◆ What to do
Restate the data below word for word. Skip any images it contains.

◆ Dataset excerpt
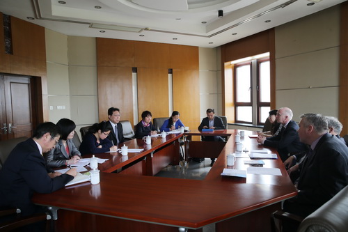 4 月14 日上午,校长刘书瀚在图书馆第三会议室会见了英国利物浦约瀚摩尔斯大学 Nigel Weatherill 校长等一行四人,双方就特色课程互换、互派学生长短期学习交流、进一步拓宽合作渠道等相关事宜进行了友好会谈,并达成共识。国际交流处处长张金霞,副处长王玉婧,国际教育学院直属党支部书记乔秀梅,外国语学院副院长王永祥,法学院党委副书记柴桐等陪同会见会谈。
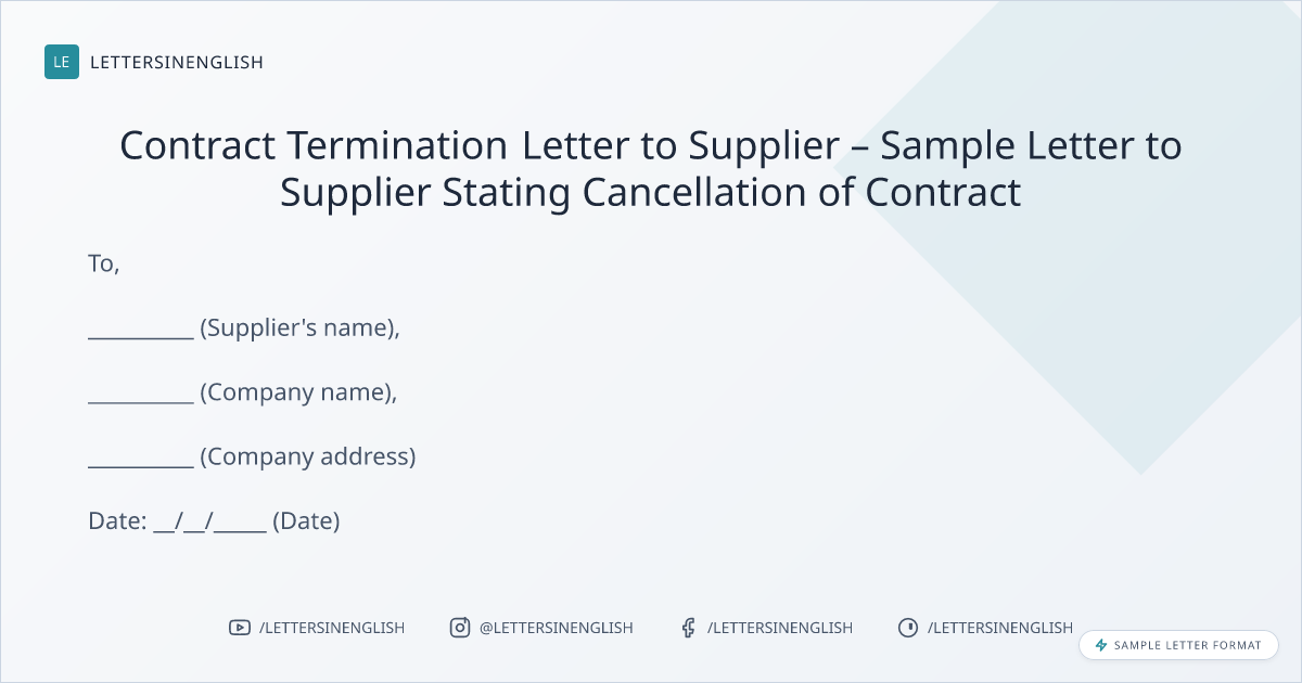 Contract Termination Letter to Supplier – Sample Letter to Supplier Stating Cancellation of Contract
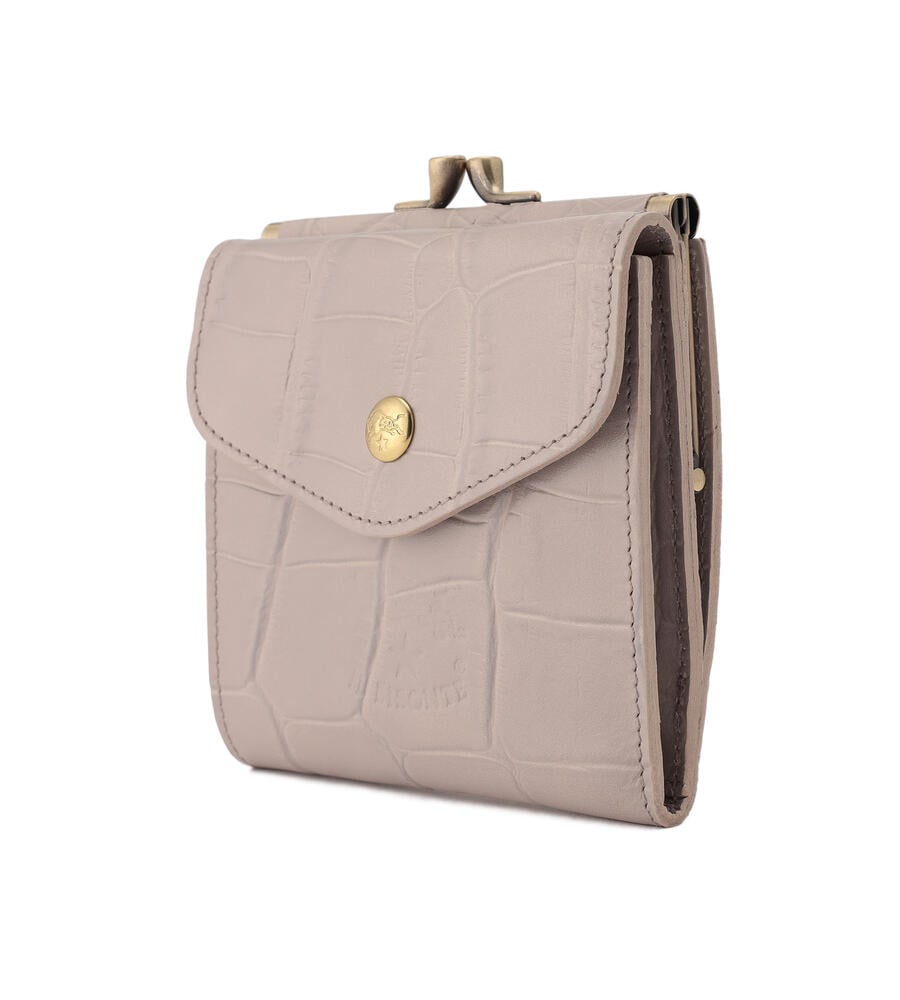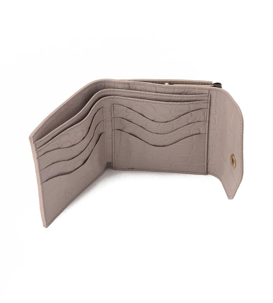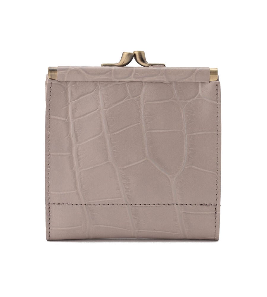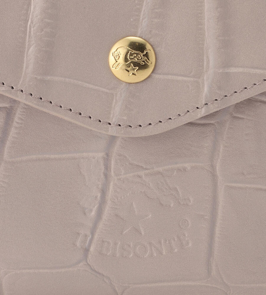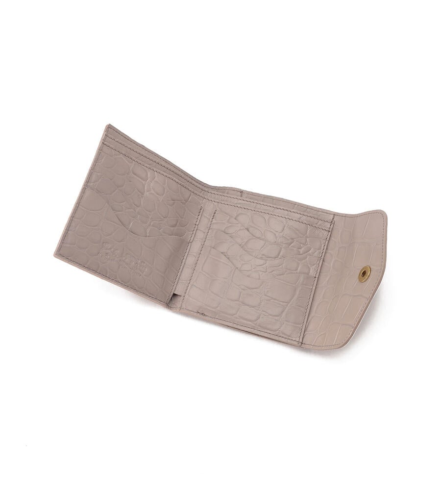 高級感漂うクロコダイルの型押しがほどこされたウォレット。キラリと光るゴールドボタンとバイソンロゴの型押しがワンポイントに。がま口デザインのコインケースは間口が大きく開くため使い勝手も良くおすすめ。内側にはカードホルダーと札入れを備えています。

◆ The answer
 4 月14 日上午,校长刘书瀚在图书馆第三会议室会见了英国利物浦约瀚摩尔斯大学 Nigel Weatherill 校长等一行四人,双方就特色课程互换、互派学生长短期学习交流、进一步拓宽合作渠道等相关事宜进行了友好会谈,并达成共识。国际交流处处长张金霞,副处长王玉婧,国际教育学院直属党支部书记乔秀梅,外国语学院副院长王永祥,法学院党委副书记柴桐等陪同会见会谈。
 Contract Termination Letter to Supplier – Sample Letter to Supplier Stating Cancellation of Contract
 高級感漂うクロコダイルの型押しがほどこされたウォレット。キラリと光るゴールドボタンとバイソンロゴの型押しがワンポイントに。がま口デザインのコインケースは間口が大きく開くため使い勝手も良くおすすめ。内側にはカードホルダーと札入れを備えています。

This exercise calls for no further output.